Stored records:

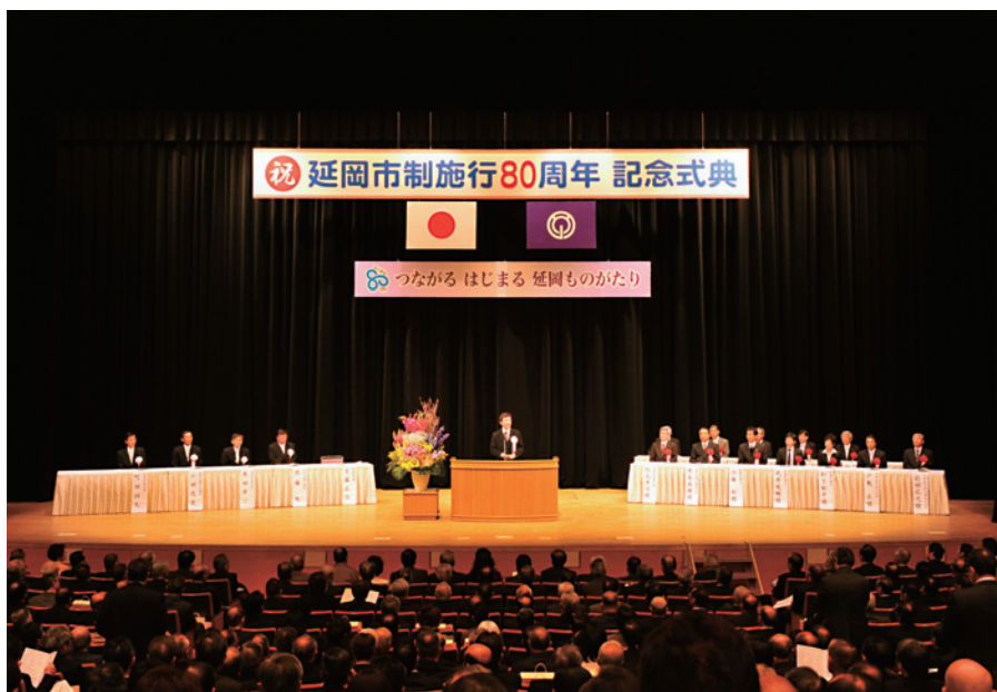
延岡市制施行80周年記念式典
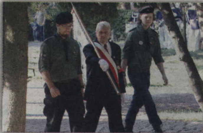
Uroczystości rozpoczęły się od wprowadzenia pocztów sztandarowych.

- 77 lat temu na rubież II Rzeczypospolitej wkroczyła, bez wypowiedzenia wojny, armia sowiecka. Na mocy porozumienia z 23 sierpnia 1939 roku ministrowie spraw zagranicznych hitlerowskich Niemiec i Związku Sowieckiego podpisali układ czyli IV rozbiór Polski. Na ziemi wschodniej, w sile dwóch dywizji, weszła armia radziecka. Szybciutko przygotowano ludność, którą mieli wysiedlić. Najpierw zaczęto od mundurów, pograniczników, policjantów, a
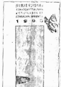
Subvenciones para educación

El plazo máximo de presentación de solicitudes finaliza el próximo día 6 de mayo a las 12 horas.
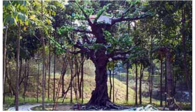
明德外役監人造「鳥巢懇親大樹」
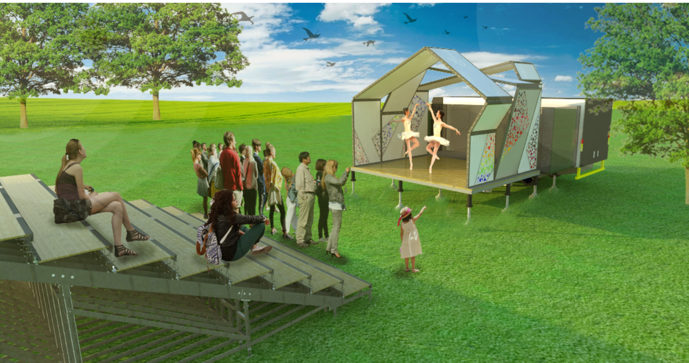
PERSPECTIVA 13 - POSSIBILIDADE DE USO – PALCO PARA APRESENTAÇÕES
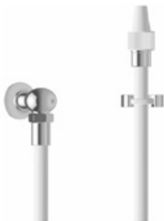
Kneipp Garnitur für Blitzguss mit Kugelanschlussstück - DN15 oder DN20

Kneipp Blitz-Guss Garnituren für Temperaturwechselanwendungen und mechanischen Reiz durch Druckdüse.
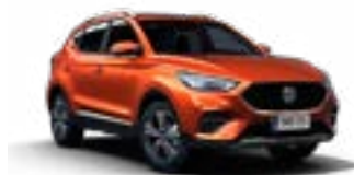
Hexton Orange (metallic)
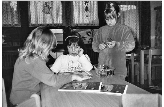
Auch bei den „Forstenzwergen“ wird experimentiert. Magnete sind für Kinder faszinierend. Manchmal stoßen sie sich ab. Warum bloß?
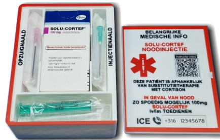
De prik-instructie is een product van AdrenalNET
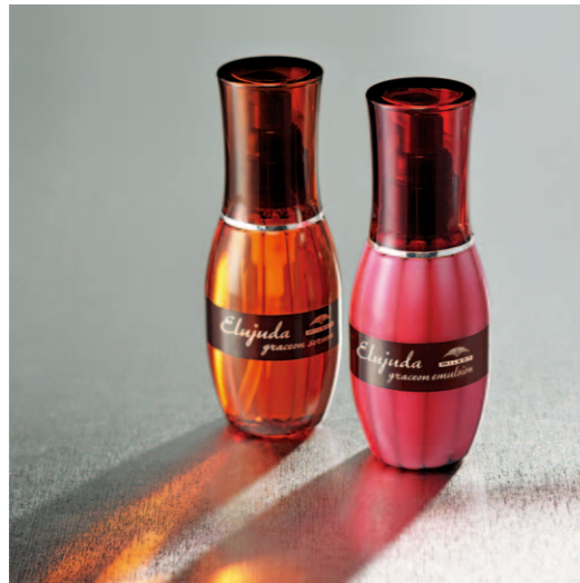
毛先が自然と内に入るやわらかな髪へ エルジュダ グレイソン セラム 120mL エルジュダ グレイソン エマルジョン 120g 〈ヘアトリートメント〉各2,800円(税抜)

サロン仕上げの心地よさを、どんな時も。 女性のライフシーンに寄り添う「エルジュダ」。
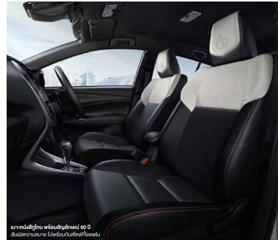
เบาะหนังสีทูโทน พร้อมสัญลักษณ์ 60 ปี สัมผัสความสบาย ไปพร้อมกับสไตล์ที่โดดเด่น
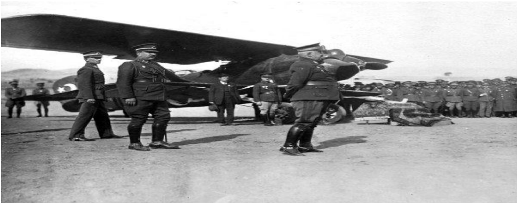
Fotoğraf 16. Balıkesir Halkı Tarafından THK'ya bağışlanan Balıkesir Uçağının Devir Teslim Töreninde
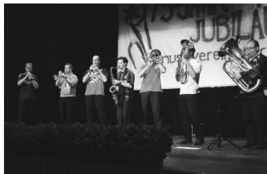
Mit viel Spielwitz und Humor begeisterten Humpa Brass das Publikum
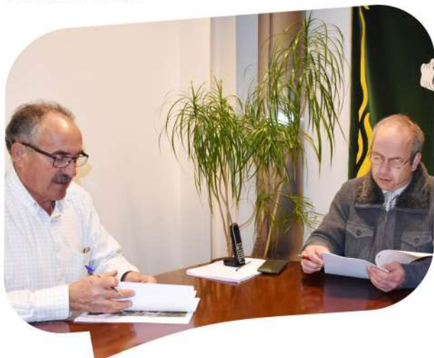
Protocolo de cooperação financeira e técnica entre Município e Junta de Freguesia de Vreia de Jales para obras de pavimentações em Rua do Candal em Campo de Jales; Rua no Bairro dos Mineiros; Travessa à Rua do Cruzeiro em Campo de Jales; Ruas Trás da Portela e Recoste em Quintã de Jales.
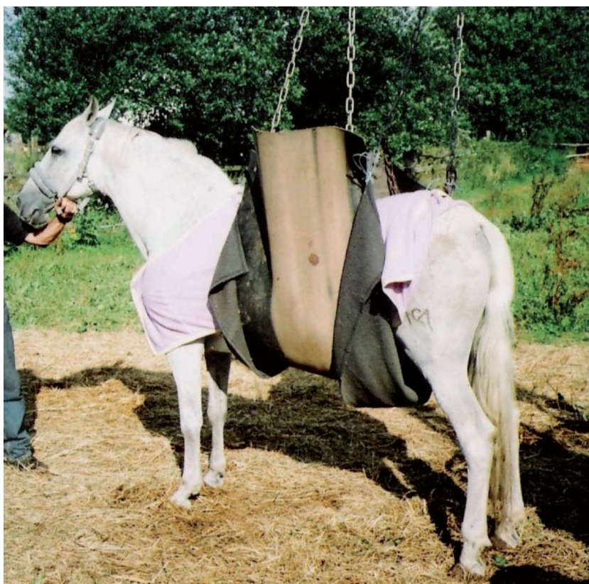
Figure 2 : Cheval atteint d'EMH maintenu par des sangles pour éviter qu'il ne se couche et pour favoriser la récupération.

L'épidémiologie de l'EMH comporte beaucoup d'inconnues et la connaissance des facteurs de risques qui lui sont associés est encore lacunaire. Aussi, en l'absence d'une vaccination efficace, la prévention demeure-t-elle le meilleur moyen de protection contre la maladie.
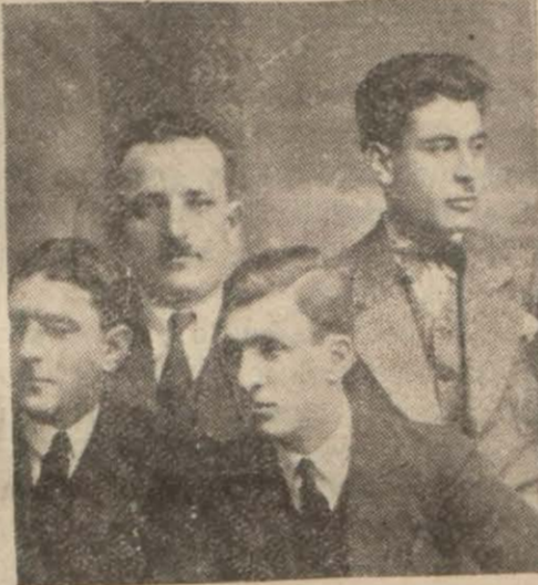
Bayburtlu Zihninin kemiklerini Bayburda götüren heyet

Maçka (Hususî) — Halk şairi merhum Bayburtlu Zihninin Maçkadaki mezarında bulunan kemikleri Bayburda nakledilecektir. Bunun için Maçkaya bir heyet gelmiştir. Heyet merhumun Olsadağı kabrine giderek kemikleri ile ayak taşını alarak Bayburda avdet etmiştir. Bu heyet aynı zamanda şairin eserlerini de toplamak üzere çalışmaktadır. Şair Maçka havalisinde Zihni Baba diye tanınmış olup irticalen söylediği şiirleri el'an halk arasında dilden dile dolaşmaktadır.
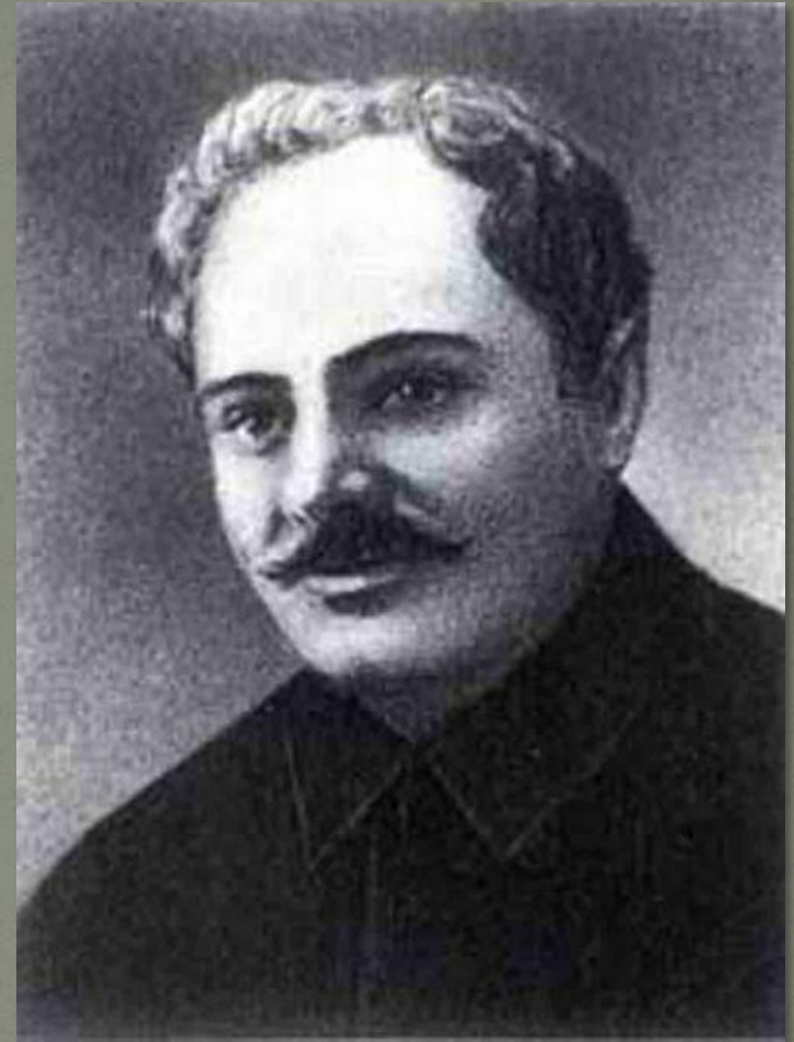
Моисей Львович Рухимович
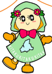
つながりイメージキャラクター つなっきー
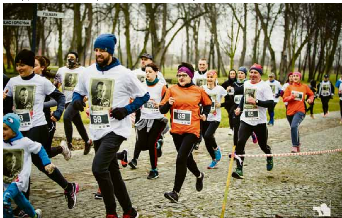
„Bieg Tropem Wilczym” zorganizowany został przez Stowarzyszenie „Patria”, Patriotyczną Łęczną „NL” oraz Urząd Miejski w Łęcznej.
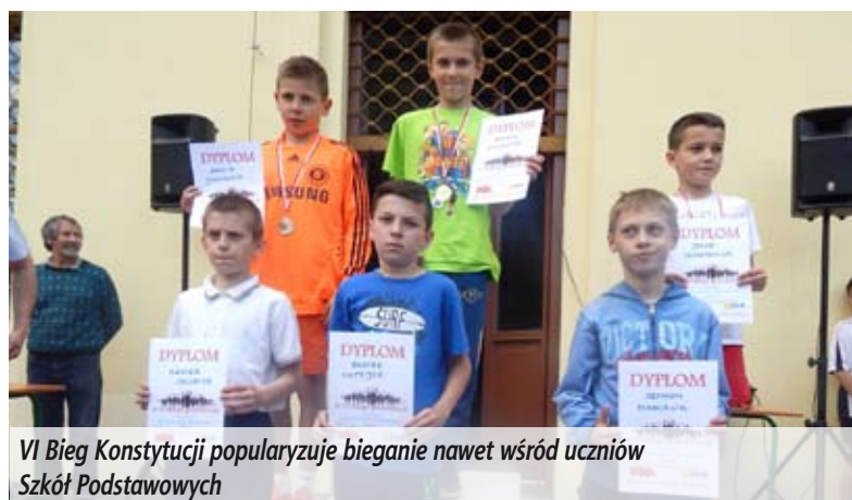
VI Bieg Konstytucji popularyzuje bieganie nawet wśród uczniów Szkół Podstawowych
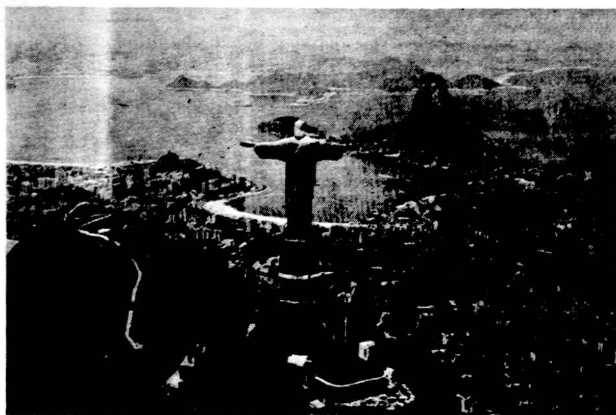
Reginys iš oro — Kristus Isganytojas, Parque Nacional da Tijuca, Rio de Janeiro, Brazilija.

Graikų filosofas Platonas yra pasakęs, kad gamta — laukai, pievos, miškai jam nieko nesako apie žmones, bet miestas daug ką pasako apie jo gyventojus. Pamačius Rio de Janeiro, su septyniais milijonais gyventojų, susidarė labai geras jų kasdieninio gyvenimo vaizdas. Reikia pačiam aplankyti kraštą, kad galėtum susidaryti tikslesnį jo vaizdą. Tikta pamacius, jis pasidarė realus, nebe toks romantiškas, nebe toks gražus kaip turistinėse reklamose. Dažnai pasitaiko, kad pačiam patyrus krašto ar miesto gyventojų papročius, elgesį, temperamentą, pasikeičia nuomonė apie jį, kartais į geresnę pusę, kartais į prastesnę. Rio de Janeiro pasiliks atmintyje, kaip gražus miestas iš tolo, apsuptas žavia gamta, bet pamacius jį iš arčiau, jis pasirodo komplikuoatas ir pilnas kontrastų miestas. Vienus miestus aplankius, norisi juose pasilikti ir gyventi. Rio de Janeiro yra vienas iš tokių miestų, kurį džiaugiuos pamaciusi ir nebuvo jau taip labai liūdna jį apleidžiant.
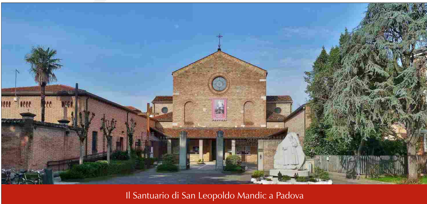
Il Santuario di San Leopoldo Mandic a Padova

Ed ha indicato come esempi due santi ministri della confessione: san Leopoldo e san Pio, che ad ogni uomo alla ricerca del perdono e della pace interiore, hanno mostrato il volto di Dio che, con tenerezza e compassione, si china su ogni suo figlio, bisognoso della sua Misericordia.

Problem ▸ Search the lines above for the string "Leopoldo" and copy each line that has it.

Your response ▸
Il Santuario di San Leopoldo Mandic a Padova
Ed ha indicato come esempi due santi ministri della confessione: san Leopoldo e san Pio, che ad ogni uomo alla ricerca del perdono e della pace interiore, hanno mostrato il volto di Dio che, con tenerezza e compassione, si china su ogni suo figlio, bisognoso della sua Misericordia.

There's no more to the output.